● TRY IT
Please print, exactly, only the lines in the entries below from the line that has "I started beading" through the line that has "Que vous soyez". Pictures don't go in.

● TASK INPUT
○ ○ ○
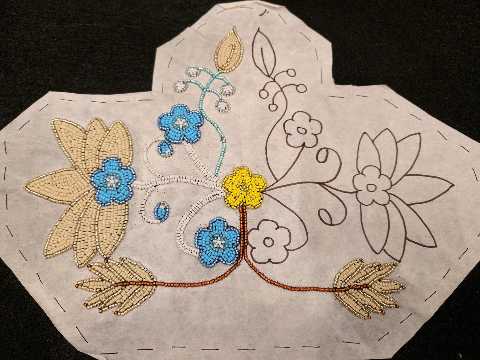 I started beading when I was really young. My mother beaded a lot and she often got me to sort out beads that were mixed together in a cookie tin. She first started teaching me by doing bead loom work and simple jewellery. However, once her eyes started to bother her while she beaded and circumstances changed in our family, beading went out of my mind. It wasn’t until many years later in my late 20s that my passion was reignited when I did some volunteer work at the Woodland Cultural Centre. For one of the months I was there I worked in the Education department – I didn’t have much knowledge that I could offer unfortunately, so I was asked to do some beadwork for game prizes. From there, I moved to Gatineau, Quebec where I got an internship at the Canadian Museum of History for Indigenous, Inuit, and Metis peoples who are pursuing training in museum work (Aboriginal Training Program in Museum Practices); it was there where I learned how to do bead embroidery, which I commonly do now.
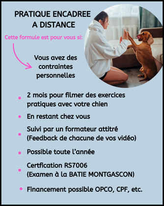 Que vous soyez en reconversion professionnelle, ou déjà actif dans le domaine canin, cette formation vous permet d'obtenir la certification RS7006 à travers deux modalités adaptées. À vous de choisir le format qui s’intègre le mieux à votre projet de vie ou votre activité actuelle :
○ ○ ○
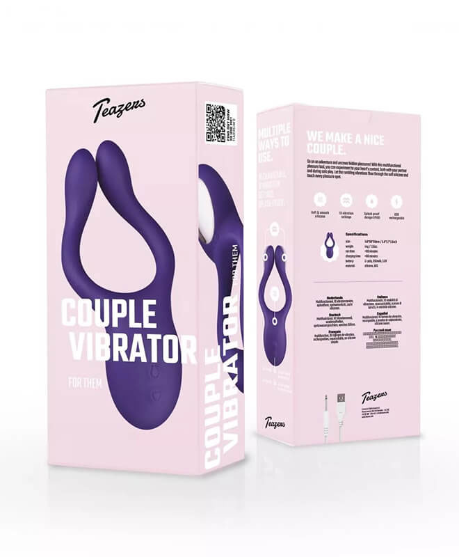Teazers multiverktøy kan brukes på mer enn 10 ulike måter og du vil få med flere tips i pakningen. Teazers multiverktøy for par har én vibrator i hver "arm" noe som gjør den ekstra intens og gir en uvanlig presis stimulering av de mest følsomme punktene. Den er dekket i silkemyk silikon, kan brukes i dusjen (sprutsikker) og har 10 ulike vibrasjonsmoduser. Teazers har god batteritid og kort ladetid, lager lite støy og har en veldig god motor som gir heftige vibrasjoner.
○ ○ ○
● RESPONSE AREA
 I started beading when I was really young. My mother beaded a lot and she often got me to sort out beads that were mixed together in a cookie tin. She first started teaching me by doing bead loom work and simple jewellery. However, once her eyes started to bother her while she beaded and circumstances changed in our family, beading went out of my mind. It wasn’t until many years later in my late 20s that my passion was reignited when I did some volunteer work at the Woodland Cultural Centre. For one of the months I was there I worked in the Education department – I didn’t have much knowledge that I could offer unfortunately, so I was asked to do some beadwork for game prizes. From there, I moved to Gatineau, Quebec where I got an internship at the Canadian Museum of History for Indigenous, Inuit, and Metis peoples who are pursuing training in museum work (Aboriginal Training Program in Museum Practices); it was there where I learned how to do bead embroidery, which I commonly do now.
 Que vous soyez en reconversion professionnelle, ou déjà actif dans le domaine canin, cette formation vous permet d'obtenir la certification RS7006 à travers deux modalités adaptées. À vous de choisir le format qui s’intègre le mieux à votre projet de vie ou votre activité actuelle :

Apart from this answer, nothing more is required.